Conversational Analytics is a technology that records speech and converts it into data. The concept is based upon the NLP (Natural Language Processing) technology of computers, where it “understands” the human language and allows computers to be posed queries and answer them verbally.

For Conversational Analytics to be practical, it requires vast volumes of voice data created from repeated conversations with voice chat assistants and chatbots. The overwhelming level of data produced through these interfaces allows Conversational Analytics to transform these voice data into insights. And also enhances its performance by forming a neural network of an algorithm for deep learning. 

The efficiency of Conversational Analytics depends upon its ability to attain data from various sources and its capability to leverage the same in real-time. For this purpose, virtualization supplements Conversational Analytics with a catalog of curated data sets, allowing quicker data access. Data virtualization creates a logical data layer that bridges the irregular chasms between different data types siloed across disparate sources. 

Conversational Analytics helps businesses through its AI capabilities. With companies looking to capture intent data, conversational AI is becoming a game-changer. AI can inform CX decisions in architecting customer journeys and the evolution of overall product and service offerings. According to a report by The Wall Street Journal, Conversational AI, which powers the interfaces and automation systems and feeds data into conversational analytics engines, is a market projected to grow to $15.7 Billion by 2024. 

Use Cases of Conversational AI

When people think of conversational AI, voice assistance and online chatbots frequently come to mind. Most conversational AI apps have extensive analytics built into the backend program, enabling a human-like conversational experience. 

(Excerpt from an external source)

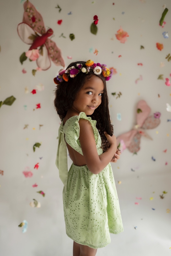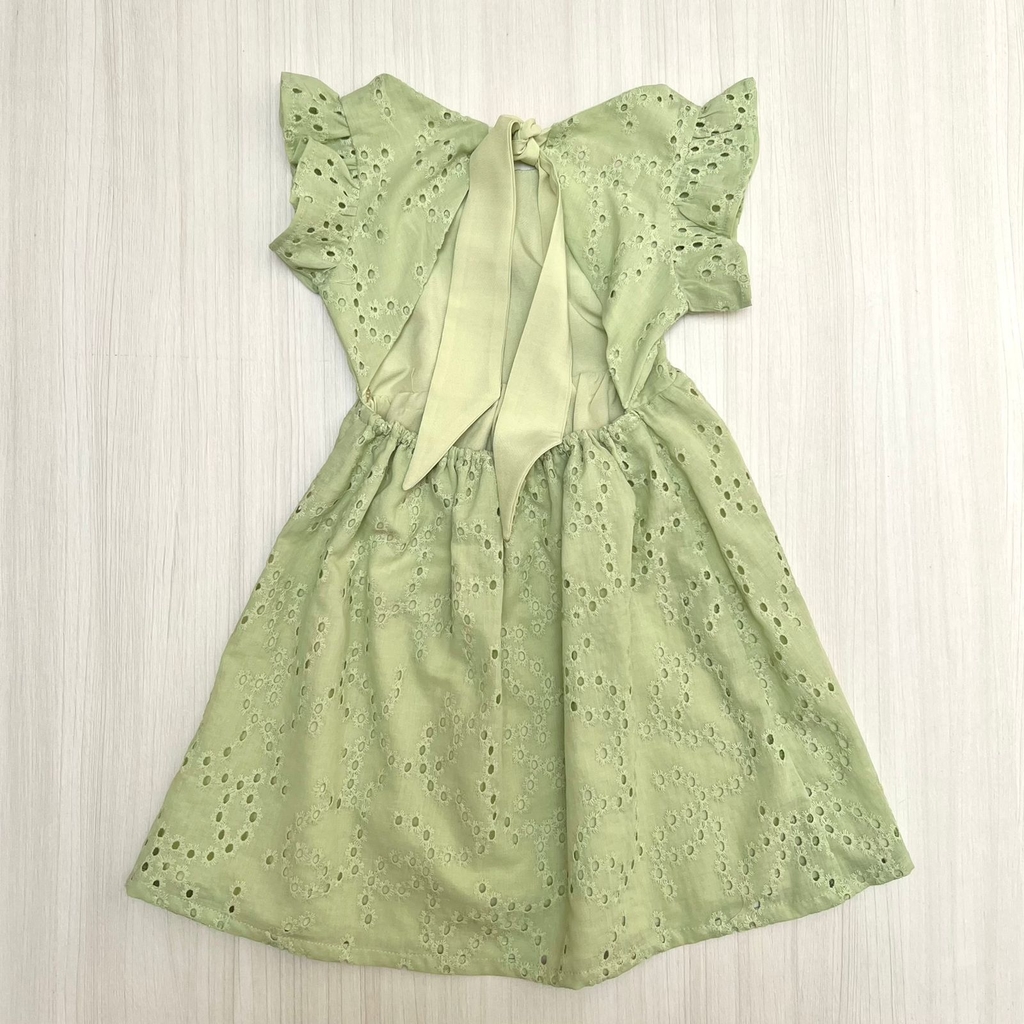 El vestido esta confeccionado en broderie de algodón y forrado en voile. Posee volados en sus hombros. Su falda esta fruncida lo cual hace que la prenda tenga mucho vueloy su espalda es descubierta con tiras para atar.

While an AI chatbot is the simplest example of conversational AI, there are many use cases across an array of businesses. When integrated with business systems through APIs, AI bots can authenticate customers and access their information securely, offering the added benefit of conducting personalized conversations at scale. 

1. Online Customer Support is booming; one can even say it’s replacing human agents along the customer journey. Online chatbots answer frequently asked questions or FAQs surrounding topics like shipping, suggesting sizes for users, cross-selling products, and more. This technology is reshaping the way people think about customer engagement across websites and social media platforms. 

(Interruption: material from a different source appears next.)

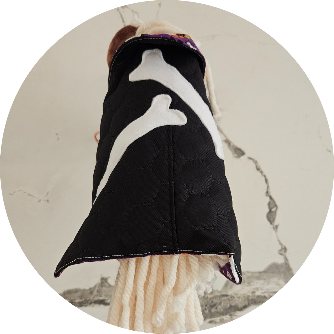 Ta derka zachwyci Ciebie i Twojego konika. Została uszyta z materiału o pięknych wzorach Halloween. Po drugiej stronie naszyte kości. Derka jest bardzo stylowa, można ją nosić dwustronnie, doda szyku i elegancji Twojemu konikowi.

2. Conversational AI is constantly making Health Care Services more accessible and affordable to patients worldwide. Along with that, this AI is improving operational efficiency and administrative processes like claim processing much more hassle-free.

3. Internet of Things (IoT) devices are gaining popularity, with most households having at least one IoT device like Alexa speakers, smartwatches, or cell phones. What these devices do is leverage automated speech recognition to interact with end-users. Some prime examples of IoT devices with conversational AI are Google Home, Apple Siri, Amazon Alexa, etc.

4. Thanks to Assistive Technologies, companies are now able to become more accessible by reducing entry barriers. Text-to-speech dictation and language translation are some of the most commonly used features of Conversational AI for these groups.

5. Many HR Processes got optimized with the help of Conversational AI. These processes include employee onboarding, training, updating employee information, and much more. 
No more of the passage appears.